The Coca-Cola Company (NYSE:KO)
Coca-Cola Company is a $173.4 billion beverages manufacturer and marketer. The company pays an annual dividend of $2.04 a share, which translates into a dividend yield of 2.60%. This is the rate almost on par with that of the industry as a whole and around 60 basis points above the yield on the S&P 500. The company has paid its dividend since 1920, and has been raising dividends at an average annual rate of nearly 10% over the past ten years. Coca-Cola has a dividend payout ratio of 54%. Its current P/E is 20.3 and its forward P/E is 17.3.
Since the beginning of the year, Coca-Cola's stock has increased 10.6% and 5% over the past 20 days. The bullish momentum in the stock has driven the stock price to $77.56, close to its year-high. Warren Buffett's Berkshire Hathaway (NYSE:BRK.B) had $14 billion invested in this stock.

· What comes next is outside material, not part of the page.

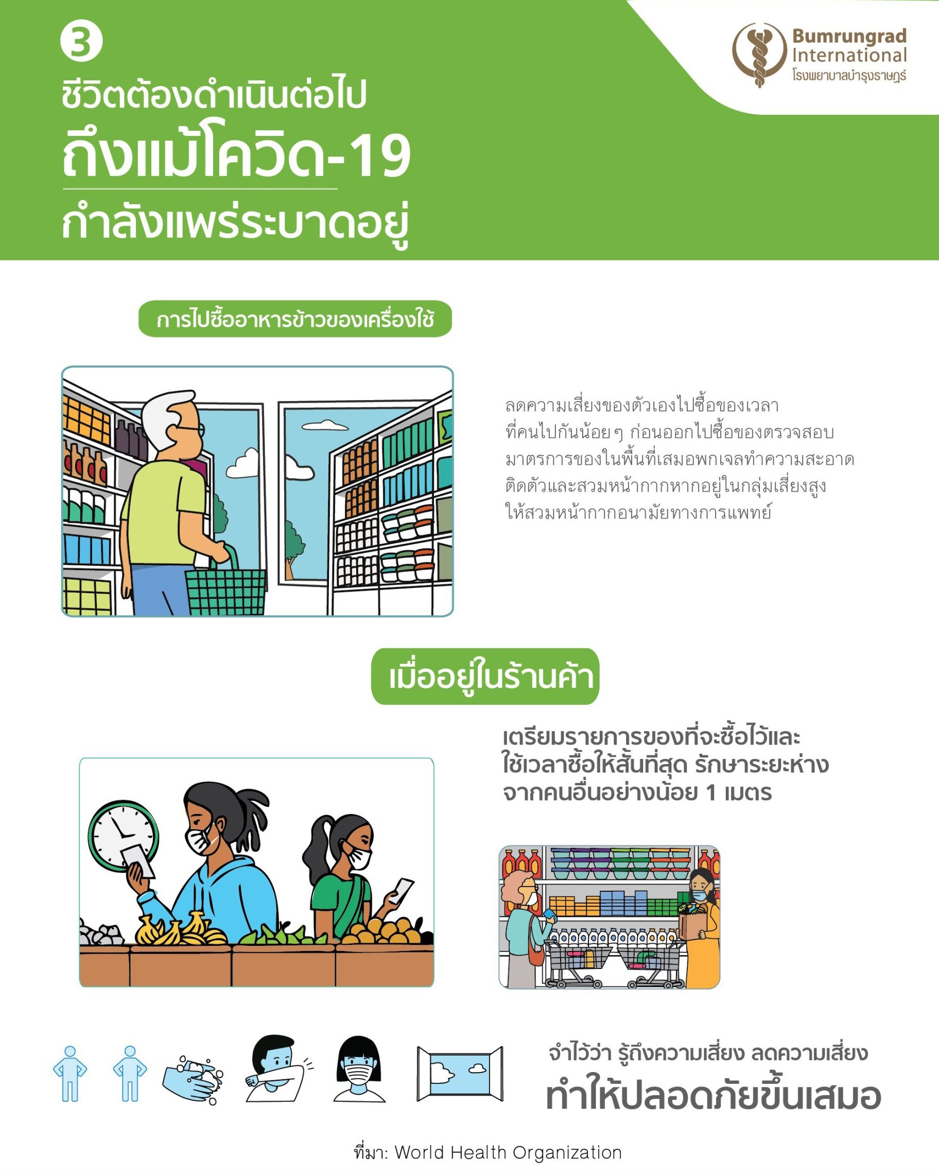 เตรียมรายการของที่จะซื้อไว้และใช้เวลาซื้อให้สั้นที่สุด รักษาระยะห่างจากผู้อื่นอย่างน้อย 1 เมตร

Kimberly-Clark Corporation (NYSE:KMB)
This $31.4-billion producer of paper-based products such as "Kleenex" facial tissues pays an annual dividend of $2.96, which, at the current stock price, equals to a dividend yield of 3.80%. This yield is half a percentage point above the average for the industry and 180 basis points above that on the S&P 500. The company has paid dividends since 1935. It has a dividend payout ratio of 70% and has been raising dividends at an average annual rate of 9.5% over the past decade. The stock is currently trading at $79.69, around its 52-week high, with a present P/E of 18.5 and a forward P/E of 14.4. Since the beginning of the year, Kimberly-Clark Corporation's stock has increased almost 9% and 6% over the past 20 days.
Hershey Co. (NYSE:HSY)
The $15.5 billion chocolate maker pays an annual dividend of $1.52 a share, which translates into a dividend yield of 2.20%. This yield is on par with an average yield for the industry as a whole and slightly higher than that on the S&P 500. The company has paid dividends since 1930. It boasts a dividend payout ratio of 50% and has been raising dividends at an average annual rate of 9.3% over the past ten years. The stock is trading at its present P/E of 23.6 and a forward P/E of 19.5.
Hershey's stock has appreciated 13% since the beginning of the year and 9.2% over the past 20 trading days to $68.74 a share, its new 52-week high. Billionaire Jim Simons' Renaissance had $142 invested in this stock at the end of last year.
Disclosure: I have no positions in any stocks mentioned, and no plans to initiate any positions within the next 72 hours.